Yaakov Ahimeir

Yaakov Ahimeir is a senior Israeli journalist and a television and radio personality.

Together in egalitarian prayer

I am a nonobservant Jew who cares about Jewish tradition. I am Jewish first, Israeli second, just as I put it in an interview with a public radio station some years ago. After contemplating a family celebration and the public aspects of such an event, I have decided to share a little bit about this event, which took place just a few days ago, with my readers.

Our grandson Adam has reached bar mitzvah age. His parents, my son and daughter-in-law, decided that my niece Ada, who serves as the rabbi of Jerusalem's Reform Harel Synagogue, would perform the bar mitzvah ceremony at the foot of what is known as the "egalitarian" prayer area of the Western Wall, which is the continuation of the traditional Western Wall.

Ahead of the ceremony, we convened at the plaza that until recently was a center of protest by the Women of the Wall, who demanded that women be allowed to pray as a group and read from a Torah scroll in the women's section. This was met with vociferous and at times violent resistance, but a compromise was reached that set aside a special area where the Women of the Wall can pray according to their tradition, and where men and women can pray together. And so it was that day: Rabbi Ada Zavidov stood wrapped in a tallit, the Jewish prayer shawl, and handed out copies of the traditional prayers that are recited on the occasion of a boy celebrating his bar mitzvah.

Rabbi Ada conducted the ceremony with warmth and grace as we stood wrapped in tallitot, reciting the prayers, singing the songs, the Torah passing from one lap to the next all the while. Every single one of us touched the Torah and kissed the holy parchment. We prayed for the safety of all those who protect us and called on God to grant wisdom to our leaders and their advisers.

The women were full participants in what transpired. The boy's mother and grandmother were not forced, in the spirit of tradition, to climb over the wobbling plastic chairs in an attempt to look over a tall divider and get a peek at the man of the hour.

Now, which of these two traditions do you believe is more correct, more familial and, dare I say, more Jewish? Is my niece, my sister's daughter, any less of a Jew? At the egalitarian prayer area, the women stood alongside the bar mitzvah boy. There was no physical or emotional barrier between the men and the women. Who makes these laws that determine separation is a pure Jewish act?

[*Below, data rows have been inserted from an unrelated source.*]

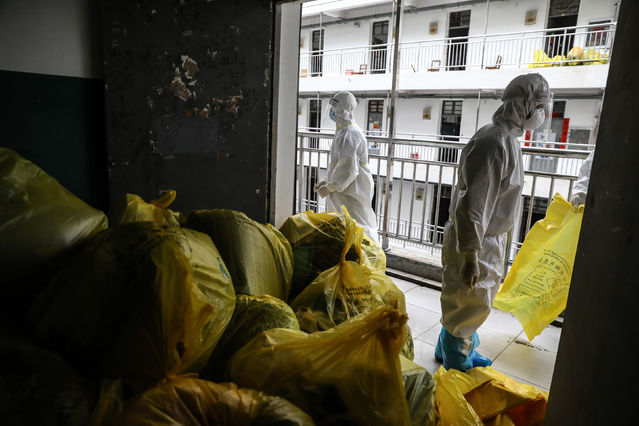 3月27日,武漢軟件工程職業(yè)學院康復(fù)驛站,工作人員正在清理隔離觀察者房間留下的物品,之后宿舍將進行全面消殺。武軟康復(fù)驛站在2月25日投入使用,共分批接納854名康復(fù)隔離人員。新冠肺炎治愈出院患者在此實施為期14天免費的康復(fù)隔離和醫(yī)學觀察,達到醫(yī)學標準后,才能解除隔離返家。中青報·中青網(wǎng)記者 趙迪/攝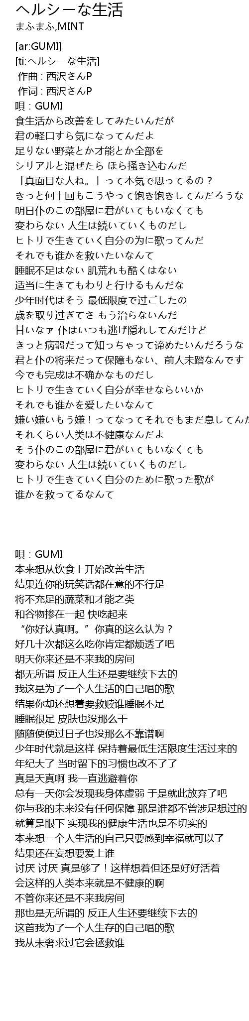 | [00:06.45] | 唄:GUMI |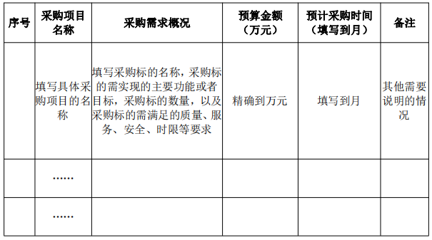 为便于供应商及时了解政府采购信息,根据《财政部关于开展政府采购意向公开工作的通知》(财库〔2020〕10号)等有关规定,现将(单位名称) 年 (至) 月采购意向公开如下: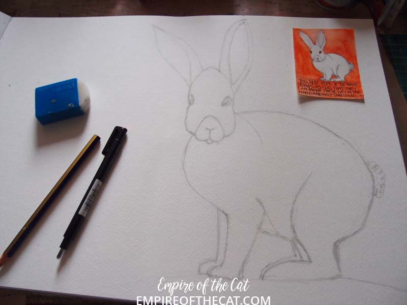 Here’s my little baby hare on the ATC and here is his much bigger version on A3 paper.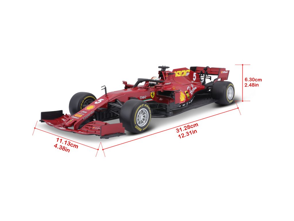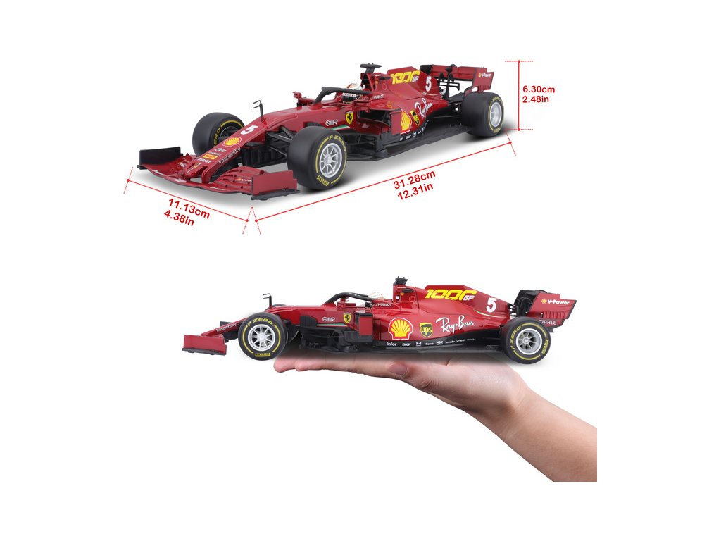 Kovový model Bburago 18-16808 Ferrari F1 SF1000 ze sezóny 2020 v měřítku 1:18 nejen pro sběratele. K dispozici auto #5 Sebastian Vettel. Barva tradiční Ferrari červená v detailním provedení. Model je přibližně 28 cm velký.
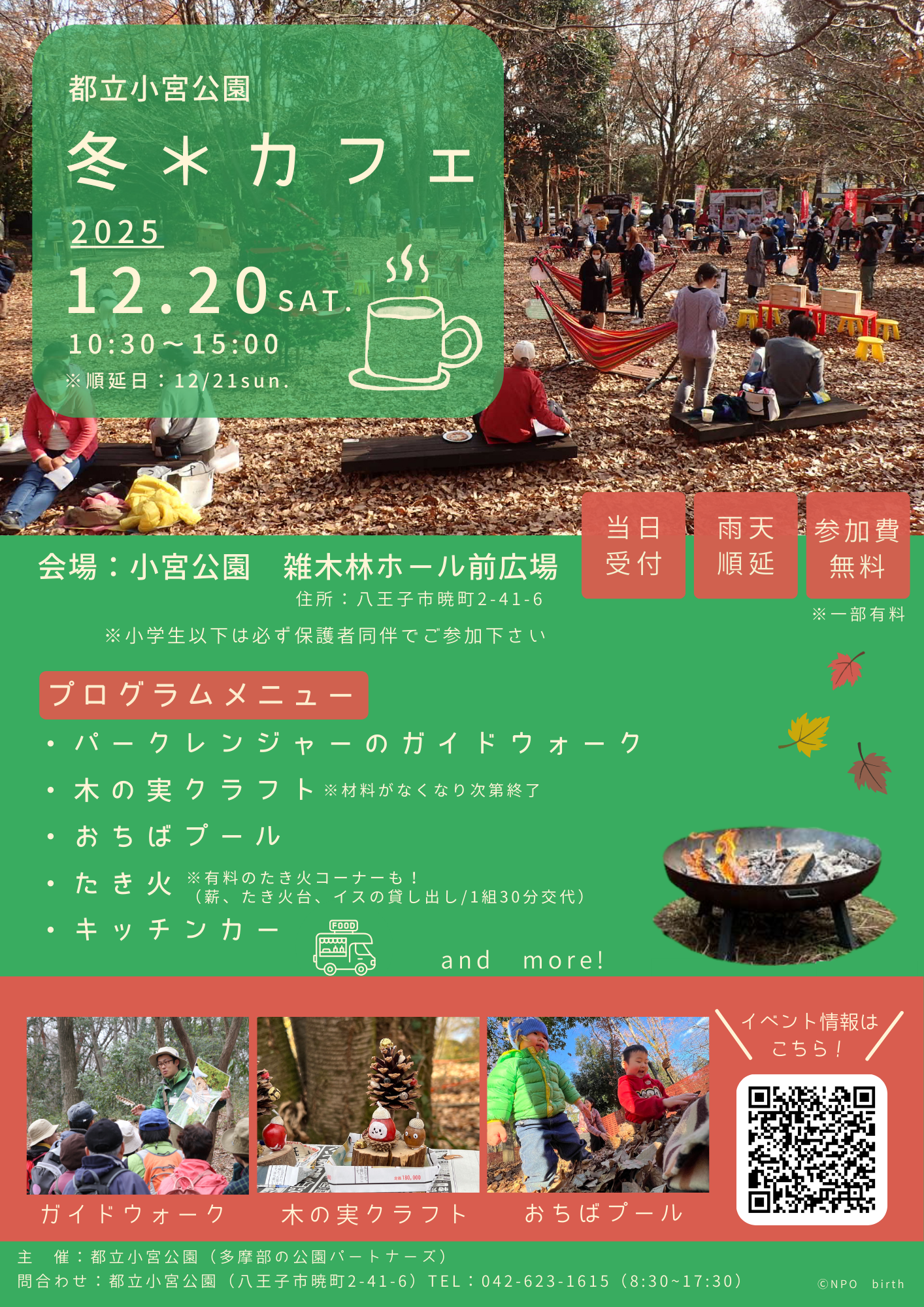 キッチンカー、たき火ブックコーナー、ハンモック、おちばプール、クリスマスにちなんだクラフトコーナーも登場!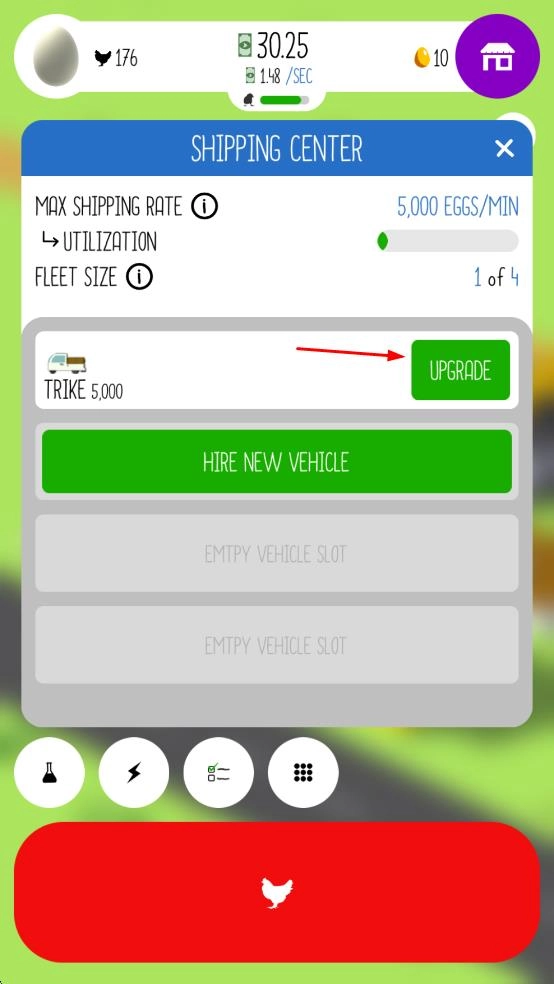 2、进入运输中心,升级车辆、雇佣新车,提升鸡蛋运输效率。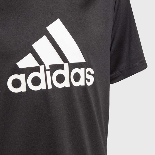 You can never have too many comfortable t-shirts. This juniors' tee is made of soft cotton and cut to help you move. It has a ribbed crewneck for a classic look. A bold contrast adidas Badge of Sport stands out on the chest.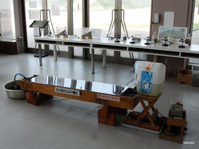 浜坂海岸沿いに建つ山陰海岸ジオパーク館には、地味な地学系ではありますが、触って学べるハンズオンの展示物が沢山あります。子供はもとより大人でも興味を維持できるように展示物が工夫されていてとても良かったです。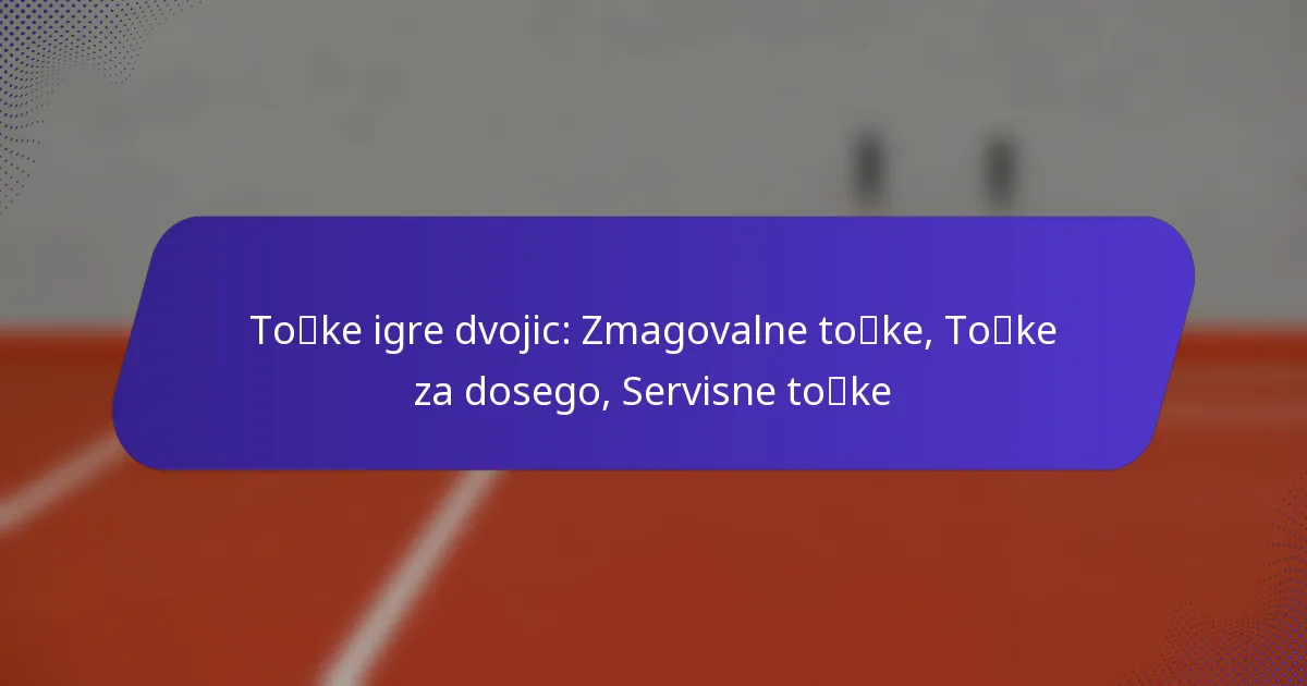 Tekme v dvojicah vključujejo edinstven sistem točkovanja, kjer so zmagovalne točke ključne za zagotavljanje zmage in lahko spremenijo potek tekme. Časovni intervali točkovanja igrajo pomembno vlogo pri oblikovanju tempa in strategije, medtem ko so servisne točke bistvene za pridobitev prednosti med igro. Obvladovanje teh elementov je ključno za igralce, ki si prizadevajo optimizirati svoje nastope na igrišču.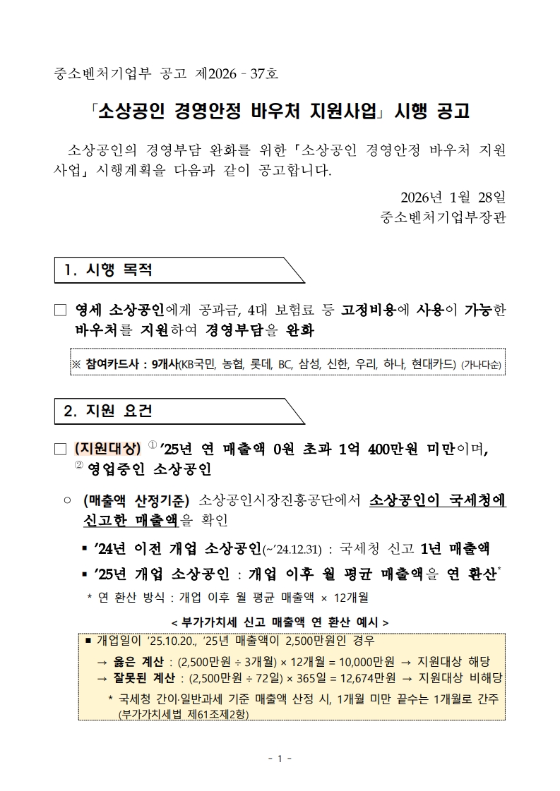 [중소벤처기업부] 『소상공인 경영안정 바우처 지원사업』 시행 공고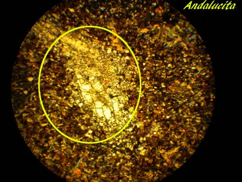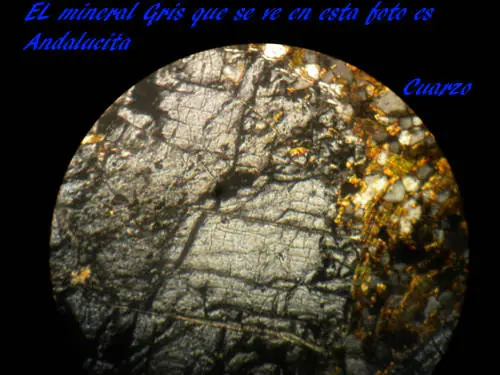 Muestra 1: En esta muestra tenemos: Cuarzo, Muscovita y Biotita y Andalucita la textura de esta roca es granoblástica y se genero por un metamorfismo de contacto. La roca a partir la cual se genero es una Pelita (roca sedimentaria de grano fino).

The event concluded with the singing of "Hatikvah," Israel's national anthem. Later, as is the custom, we threw candies at the bar mitzvah boy. I do not claim to make or interpret the religious laws. But in our home, we have always had an old photograph of men and women praying alongside one another at the Western Wall. In the picture, taken so long ago, there is no sign of a divider separating the sexes.

And so I ask: Were all those who attended a relative's religious ceremony desecrating the holy site? Or were they simply not Jewish at all? What is clear is that we cannot change the prayer arrangements at the Western Wall Plaza. The integrity of the coalition has precedence over all other considerations, even humane and familial ones. The solution lies in the egalitarian prayer area: Here, we are together, on weekdays and on holidays, in mourning and in celebration.